Wayne Harrison Soccer Awareness Training Programs:
A former pro soccer player at Blackpool F.C. in the English Championship league as well as the Academy Director, Harrison was also the Youth Director Al Ain Football Club in the UAE. An author of more than 12 books on soccer coaching, he now coaches youth soccer, writes and presents at coaching symposiums worldwide. Harrison holds a UEFA ‘A’ License and the NSCAA Premier Diploma, as well as a bachelor’s degree in applied physiology and sports psychology.
Walking around watching games at tournaments it is interesting listening to the information coaches were giving out to their Players and perhaps more importantly; the WAY they delivered it.

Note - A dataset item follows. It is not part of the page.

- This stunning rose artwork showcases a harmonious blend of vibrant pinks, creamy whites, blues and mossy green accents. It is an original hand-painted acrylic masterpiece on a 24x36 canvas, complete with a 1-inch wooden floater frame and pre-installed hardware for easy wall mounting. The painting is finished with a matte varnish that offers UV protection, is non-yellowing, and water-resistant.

We all have our moments (myself included) where we get frustrated and let ourselves down with unwarranted criticism to a player or to our team; but most of us try to keep the negative comments to a minimum. (After all, soccer is an emotional game isn’t it; and we are all human and not perfect.)

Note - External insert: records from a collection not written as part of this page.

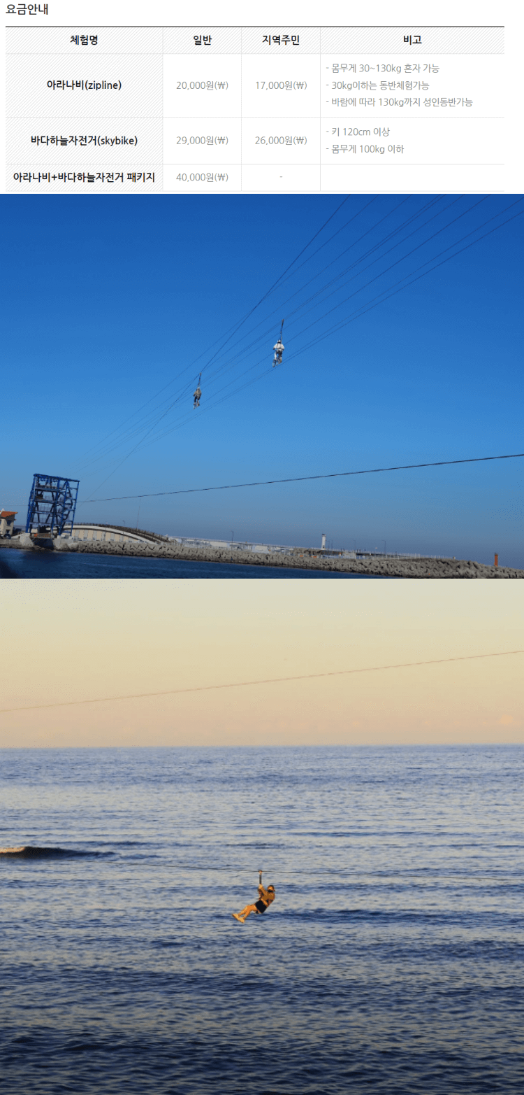 특히 바다하늘자전거는 로프가 위아래 고정되어있어서 안전하긴 하지만 줄 하나에 매달려서 간다는 느낌을 주기 때문에 정말 짜릿하고, 겁이 많으신 분들은 망설이실 것 같습니다. 하지만 이런 체험을 할 수 있는 기회는 흔치 않기 때문에 한 번은 체험해 보시길 추천드립니다.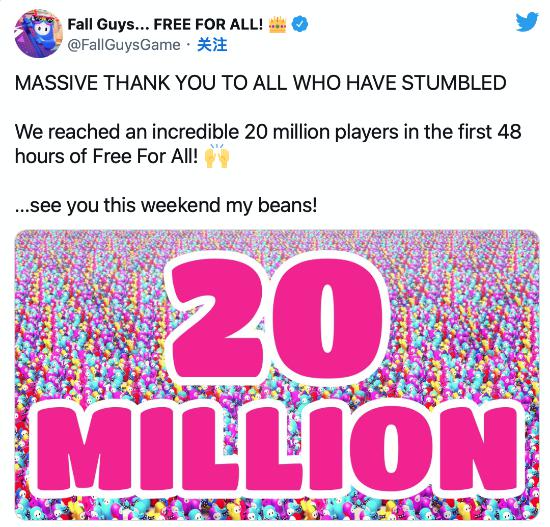 今日,《糖豆人:終極淘汰賽》官方宣布,在游戲全平臺免費兩周后,玩家數突破 5000 萬。此前官方曾于 6 月 26 日宣布,游戲免費后 48 小時內,玩家數就達到了 2000 萬。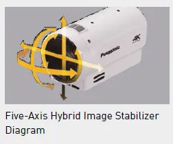 Five-Axis Hybrid Image Stabilizer (HD): In HD mode, electronic image stabilization is added to the optical image stabilizer (OIS) system to detect and correct motions on five axes, including rolling motion.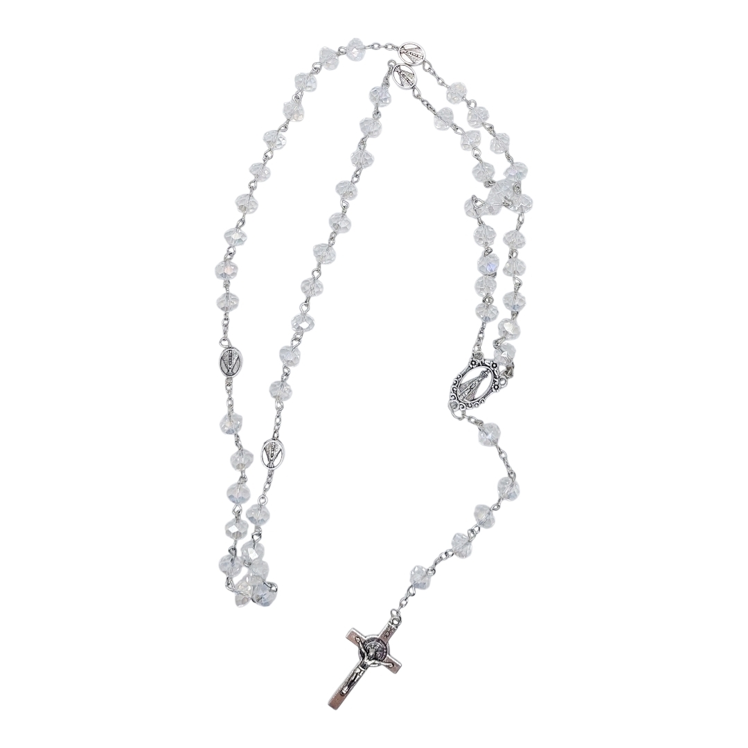TERÇO NOSSA SENHORA APARECIDA CRISTAL branco metal 50cmx 8mm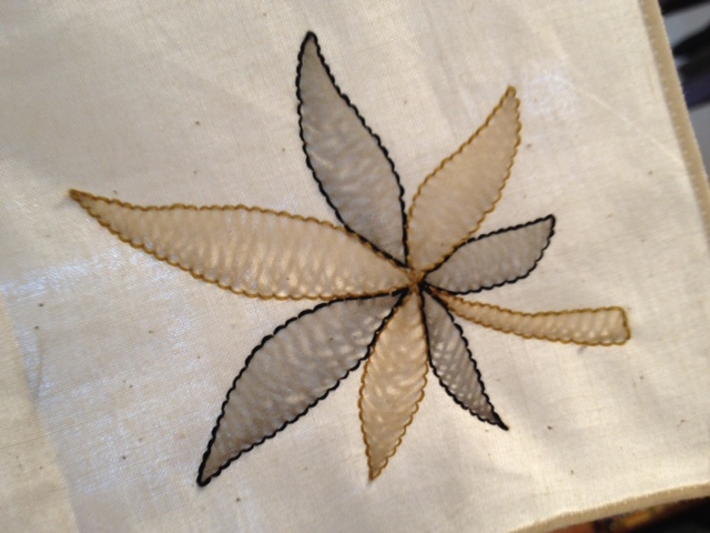薄い布に、刺繍を刺し、模様を影のように透けてみせる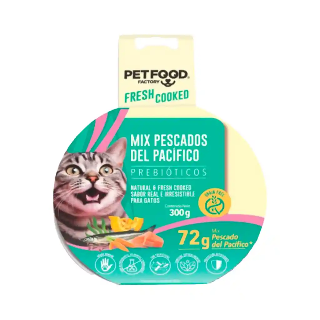 Ofrece a tu gato un sabroso y nutritivo complemento alimenticio con el Pate marino pescados del pacifico 300gr. Este producto está elaborado con ingredientes de calidad humana, libre de granos (Grain free) y enriquecido con prebióticos que promueven una digestión saludable. Es perfecto para gatos con necesidades dietéticas especiales.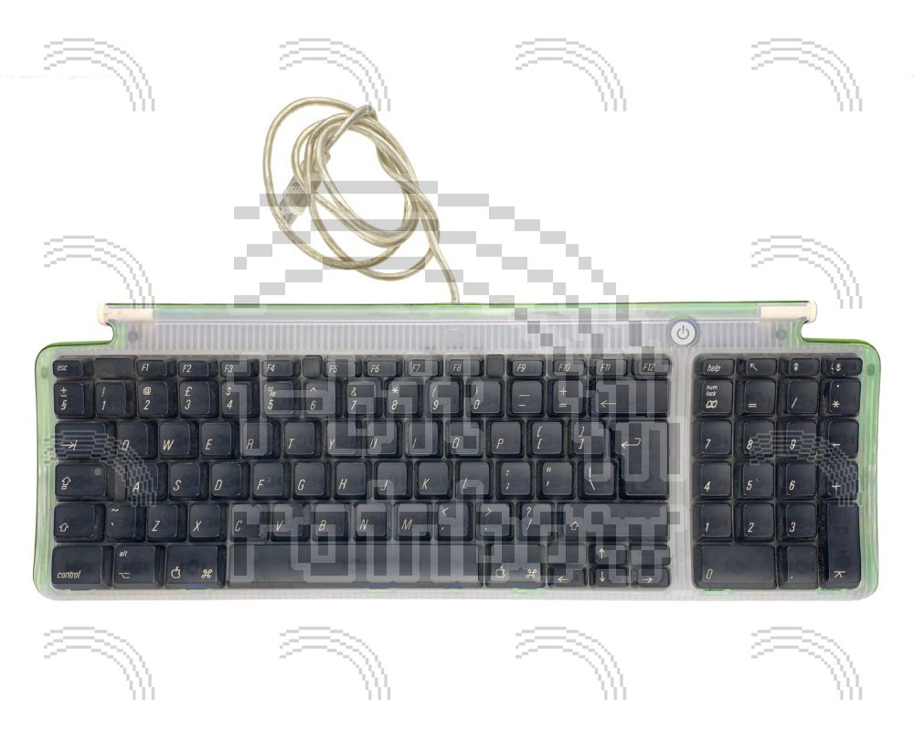 Original Apple Lime green coloured USB external keyboard. This was originally suppled with the iMac G3 but can be used on any USB equipped Mac. This keyboard has an integrated power-on button but does not feature an eject key.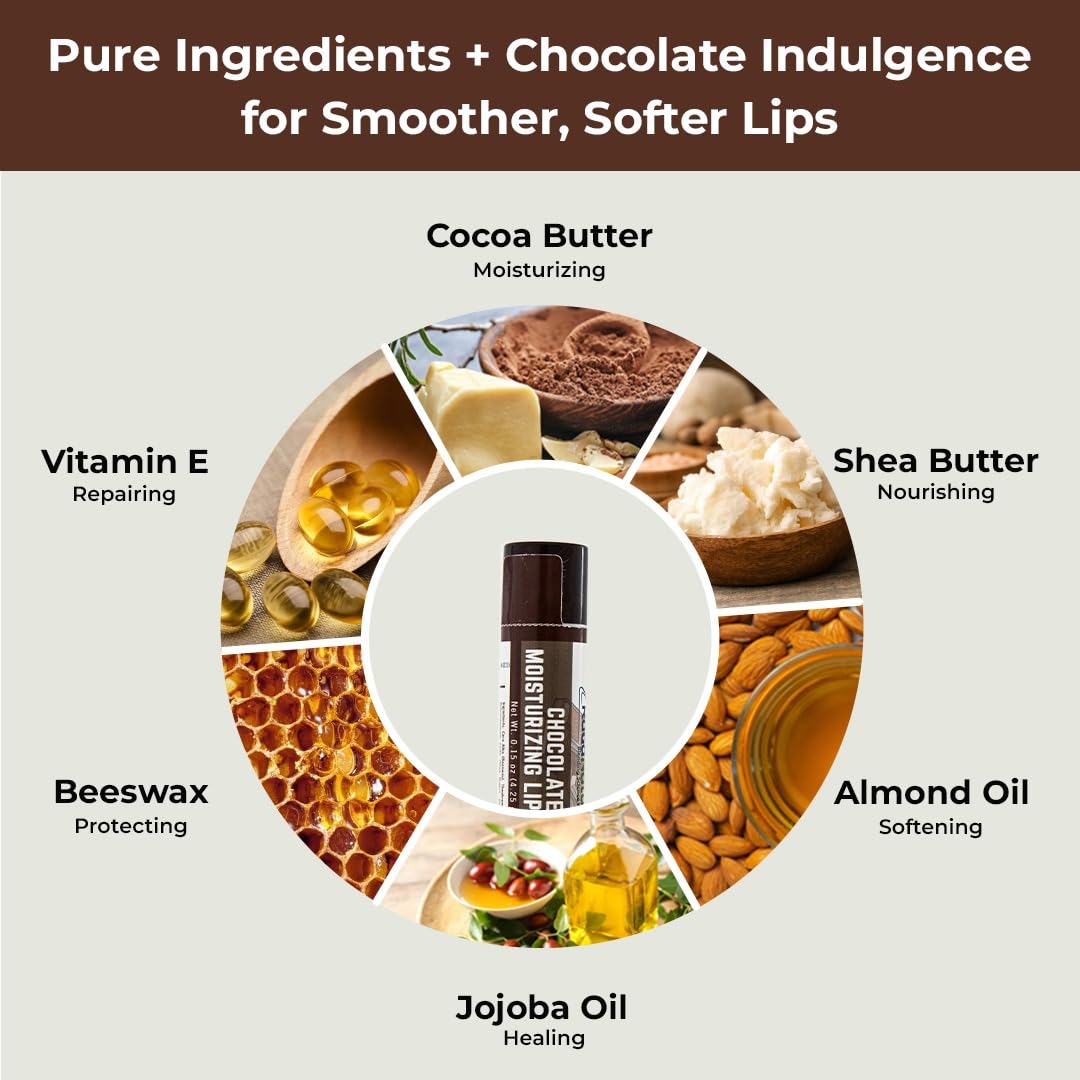 PURE, NATURAL INGREDIENTS FOR HYDRATED LIPS: Handmade with Beeswax, Vitamin E, Shea butter, Cocoa butter, Jojoba oil and Almond oil, our unscented lip balm hydrates and protects dry, chapped lips with long-lasting nourishment.

I know my own feedback from the sidelines is 95% positive; UNLESS a player is not working hard enough. I also object to when players are trying things that he or she are not proficient at during critical games. I want players to be as effective as possible doing what they are good at.
Anything else is simply part of the learning process. Players will make mistakes and we as coaches MUST HELP players when they make mistakes; not chastise them. We must try to see the good in what they attempted.
For example, if it was a poor pass and the player gave the ball away but at the same time it was a GREAT decision. We should praise their decision and encourage them to make a better pass next time. This approach encourages the player to try again, and not be afraid. Coaches can always work on improving the skills. That is our job, right?
So, back to what we started with; many very good coaches were giving positive and precise information and avoiding criticism of their players as best they could; and you could see the players were not afraid to try things on the field.
There were also some quite vocally abusive coaches focusing on all that was wrong and praising very little.
You can be sure many would HATE to play for a coach like this; and if we as coaches “PERSONALIZE” this by asking “Would I want to play for a coach who just said that?” (Meaning would you want to play for YOU), then this issue can become crystal clear. I believe this is a good guideline to work off of, don’t you think?
So ask yourself “Would you like to be coached by a person just like you?”
I would like to play for me because I try to make it fun and at the same time educational; and I don’t take myself too seriously; except when it really matters; and the players know when can have a laugh and a joke; and when we need to work. In my opinion, it’s a fine line but easily achievable to get the best out of players.
And when it is fun, we as coaches should enjoy it more too; after all, we want to have a great time also.
Back to those same abusers: this is damaging behavior for the players confidence and development, plus you could the tension in these players who were almost afraid to try anything because if it didn’t work and they would get shouted at.
The very fact the players were worried as the ball came to them made them give the ball away even more. The fear of inciting the coach to yell at them prevented them from being imaginative on the ball.
Coaches should help their players relax and be successful on the field. We must all try to have a positive attitude. Yes, it is difficult sometimes but we need to fight the inner demons and praise our players. It is important to be positive.
Coaches need to realize no player tries to give the ball away deliberately.
Players all want to be successful, no one wants to let down their teammates, their parents; or their coach.
All youth soccer players want to be the best they can be.
Recently at Soccerloco Surf Cup, a player was asked to play a ball to the feet of the striker. He started with a dead ball free kick, and he passed it 15 feet in the air and it went way over the strikers’ head. I heard it said that “He didn’t know his feet were on the top of his head.” Ok, not that funny but this was a successful comment. The point was made about a bad pass and the player knew it; but he didn’t feel bad about it; he just laughed as the manner it was said was jocular also..
The goal was achieved with a joke rather than a criticism. It got a laugh on the bench too.
We all still have our moments, and get mad at ourselves; but as their coach; we must treat the players, as we would want our coach to treat us.
How would we feel if we were the player making the mistake? How would we want to be spoken to by the coach? Ultimately, we all want to encourage players to do the best they can and not instill fear so the player is afraid of making the next pass.
We are basically talking about the PSYCHOLOGY of the game; and this is still a very underrated part of teaching the game. How to get into each players head to know how to get the best out of them is important. And every player is different; but most respond better to encouragement than negativity.
It’s all good food for thought and there is no one answer; but positivity, encouragement, and constructive feedback all help the learning process and makes it much more enjoyable experience for every player.
I always say this; you can perhaps forget what people say, you can perhaps forget what people do; but you can NEVER forget how they made you FEEL.
Make every player / child, FEEL GOOD, they will remember it for a lifetime.